Prior to wet lab investigations, nineteen anti-tubercular pyrrolyl benzohydrazide derivatives were screened through computational analysis to select the best compounds out of them. This computational study was performed using molecular docking interaction analysis and molecular dynamics. Further, the selected compounds (C8 [N′-(4-(1H-pyrrol-1-yl) benzoyl)-3-chlorobenzohydrazide] and C18 [N′-(4-(1H-pyrrol-1-yl) benzoyl)-4-nitrobenzohydrazide]) were investigated using different cell lines i.e., A549, MCF-7, and HepG2. Moreover, compound C8 was further subjected to cell cycle, apoptosis, and DAPI analysis using A549 cells. The repurposing of anti-tubercular compounds into anticancer drugs, as well as against lung cancer, seems to be an appealing approach. It is like hitting two birds with one stone, as tuberculosis is one of the strong risk factors of lung cancer.

2. Materials and Methods

2.1. Synthesis of Pyrrolyl Benzohydrazide Derivatives

Nineteen pyrrolyl benzohydrazide derivatives were selected from the prior study [12] conducted for anti-tuberculosis potential. In the study [12], the Pall–Knorr pyrrole synthesis approach, as shown in Scheme 1, was used to synthesize the derivatives. The most active compound, C8 [N′-(4-(1H-pyrrol-1-yl) benzoyl)-3-chlorobenzohydrazide], was synthesized by using ethyl 4-amino benzoate as a starting material, which was refluxed with 2,5-dimethoxy tetrahydrofuran at 150–160 °C for 45 min. The formed pyrrolyl ester was hydrazide by using hydrazine hydrate, and the formed hydrazide was stirred at room temperature for 24–30 h with 3-chlorobenzaldehyde with the help of HBTU [2-(1H-benzotriazole-1-yl)-1,1,3,3-tetramethyl uronium hexa fluorophosphate] and DIEA (diisopropyl ethylamine), a coupling agent and a catalyst to form C8.

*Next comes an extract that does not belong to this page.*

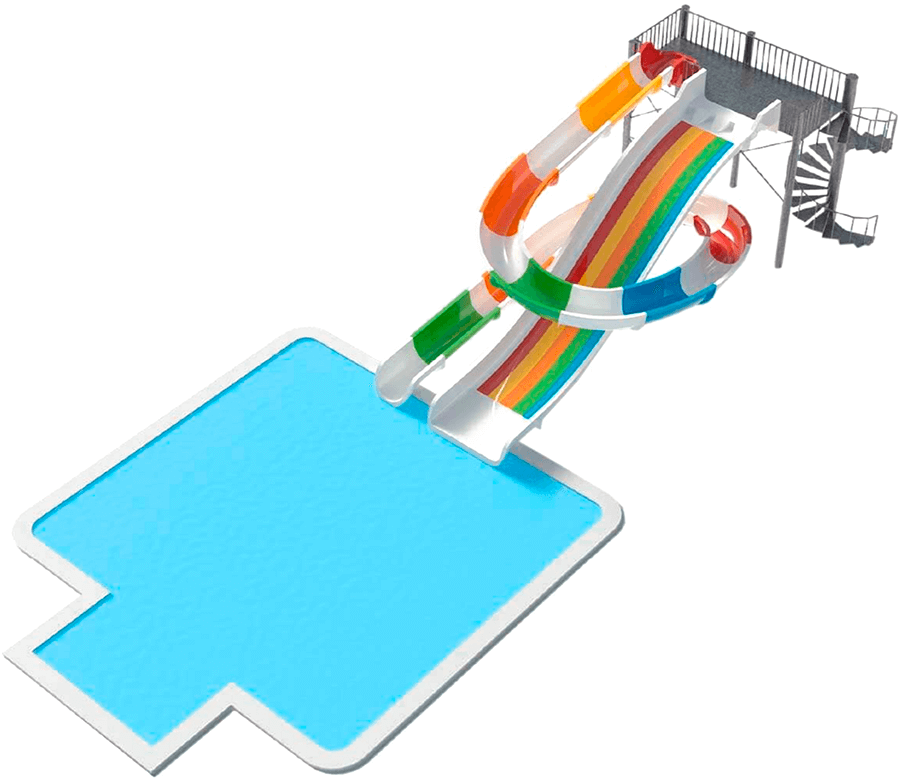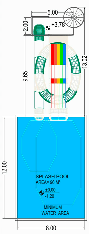 Для установки комплекса требуется площадь около 105 квадратных метров, а также приемный бассейн, что делает его идеальным решением для аквазон в отелях, курортах или пансионатах, ориентированных на активный отдых для всей семьи.

2.2. Dry Lab Investigations

2.2.1. Ligand Preparation for Molecular Docking

Three dimensional structures of these compounds were prepared using ChemDraw software and saved in .pdb format. Further, all the ligands, including the positive control (BI2536; DrugBank ID: DB16107) and native ligand (DrugBank ID: DB07186), were converted into .pdbqt format using the OpenBabel tool [26].

2.2.2. Target Preparation for Molecular Docking

The three-dimensional structure of the target protein PLK1 (PDBID: 2OWB) was retrieved from the Protein Data Bank database in .pdb format. Further, it was prepared for docking via the AutoDock 4.2 tool [27], which included the addition of polar hydrogen, Kollman charges, and solvation parameters. Moreover, the target protein was converted and saved in .pdbqt format.

2.2.3. Molecular Docking Interaction Study

AutoDock Vina was applied for molecular docking of all the ligands with the PLK1 target protein [28]. Prior to docking, grid co-ordinates were set on the specified active kinase domain of the PLK1 protein [29]. Grid center coordinates were kept as x = 0.069, y = 23.58, and z = 66.741, and the grid box was set at 40 × 40 × 40. The results showed affinity in terms of kcal/mol, and the algorithm divided the results in descending order of the 10 modes. Further, the Pymol tool was used to save the complex of best conformation based on the affinity results for each docked structure. Moreover, the Discovery Studio Visualization tool was used to analyze and visualize the complex in more detail.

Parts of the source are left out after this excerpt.